Латинский уклон, скривилась настоятельница. Римский дух и тлетворность, стыдись грехов своих, перстов поганых. Содеянное наказываю распустить, поделом тебе, вспомянешь мою доброту. Игуменью качнуло вбок. Удобно, не боясь падения, она легла кулем на свежую девку, принятую ухаживать за ней, та пошатнулась, но осанку вернула и, ластясь к привалившему счастью, проволоклась с грузом по коридору — невыгадывающая услужливость обрусевшей чухонки была такой же редкий слиток, что и талант вышивальщицы, и могла его заменить.
В келье Валентина сказала молитву. Обиды не чувствовала, пустое равновесие вследствие лобового столкновенья внутри не покрывалось обидой — что обида, разрушился дом времяжизни, между нею и соснами в дюнах не было больше преград, и Валентина задумалась, возводить ли на скорую руку новые или же дать себе отдых, оставшись в пейзаже. Поднимался утренний ветер, когда, ничего не решив, она уснула на час. Как странно, читала она за ресницами, точно буквы нарисованы были перед ней на стене, если Заступница моя заступается, не достигнута ль этим и цель, но не позволила веревочке сомнения развиться.

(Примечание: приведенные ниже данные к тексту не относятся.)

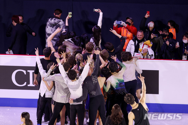 記念撮影する車俊煥×羽生×ブラウン=フィギュア四大陸選手権(4/19)
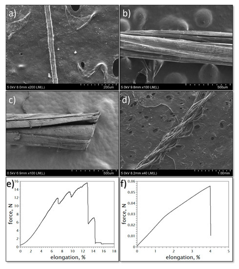 Finally, it is also important to mention that the formation of the macroscopic structure for specific applications may also have an impact on the performance of the prepared element. For example, by their nature, aligned spun films and fibers have a much better conductivity along the axial direction than the orthogonal one due to the extreme anisotropy of electrical properties of individual CNTs (CNTs show high conductivity only along their long axis) [51]. The stacking of films may be performed in a unidirectional or bidirectional manner and this affects the anisotropy of the conductivity and electric current distribution in the structure [22]. Another example concerns single filament fibers and fibers of larger diameters. It may be shown that the rolled and braided fibers have a significantly higher elasticity than single filaments. The latter ones break abruptly at approximately 3–4% elongation only (Figure 3f), while the braided and rolled fibers may break at a figure of 10% elongation or more (Figure 3e). In the latter case the failure is often stepped, which stems from the greater structural unevenness of large diameter fibers. These fibers possess many load-bearing filaments that may have differing strengths and therefore are not stressed simultaneously.

20 августа Валентина уложила в сундучок смену белья, грубой вязки платок, несколько фотографий, пару яблок, полхлеба и ушла из обители. Не так долог был путь, день пеший с привалами, перекусить и напиться воды из-под крана. Тетка перемогалась в бедности, да толики денег, завещанных покойной сестрой, Валентининой матерью, не растратила; поцеловав женщину, племянница разделила наследство, железнодорожный билет в плацкартный вагон был из маленького твердого картона, прокусанный компостером-хорьком. Скудная родина поехала вдоль зрения, у дощатого настила, подгнившего от невнимания людей, впалая рылась в отбросах собака, белобрысый ребенок размешивал в луже карбид, сомкнутый на мокрых платформах народ ждал врага, оккупации, плена, убийства, этим можно было объяснить усталое пренебрежение к судьбе, охватившее лица, одежду, бутылки, газету, курево с отгрызанным фильтром, все организмы и вещи, и покатили, помчались под сизым дождем леса, перелески, поляны, овраги, пристанционные будки, желтоглазые, неизбывной печалью объятые домики-хатки, а перед тем как вернуться из прохода на койку, Валентина увидела обходчика русских путей в кирзе, картузе, с фонарем и понурую шпалоукладчицу в оранжевом (рыжем?) жилете. Прислонился сосед и позвал в ресторан, которого в этом поезде не было; тогда в тамбур, предложил командированный. Они вышли в грохот и лязг, став на елозящее, дугообразно выгнутое борцовским мостом железо. Тряска оказалась для него, пьяноватого, скверным сюрпризом, так что он захотел сразу, пока не разъехались ноги, потрогать ей грудь, а правой клешней, если получится не упасть, зацепиться за юбку. Она не отклонилась, не сдвинулась, лишь посмотрела в глаза, задержав на них взгляд. Д'ладно подруга ты чо я же просто, заверещал мужичонка, подобрав отвисшую челюсть. Он и годы спустя не мог разгрызть причину внезапного ужаса, ибо лед отрезвления сковал его от макушки до пят, ни столь же острого, не знакомого ему дотоле раскаяния, ни радости от того и другого, но в его буднях посыльного, великовозрастного мальчонки на побегушках, не доросшего до купейных составов, немного было эпизодов, когда — уж это он сображал, пусть и не умел сформулировать — неудача знаменовала победу, и главным, единственным он обязан был той, чьего имени не спросил.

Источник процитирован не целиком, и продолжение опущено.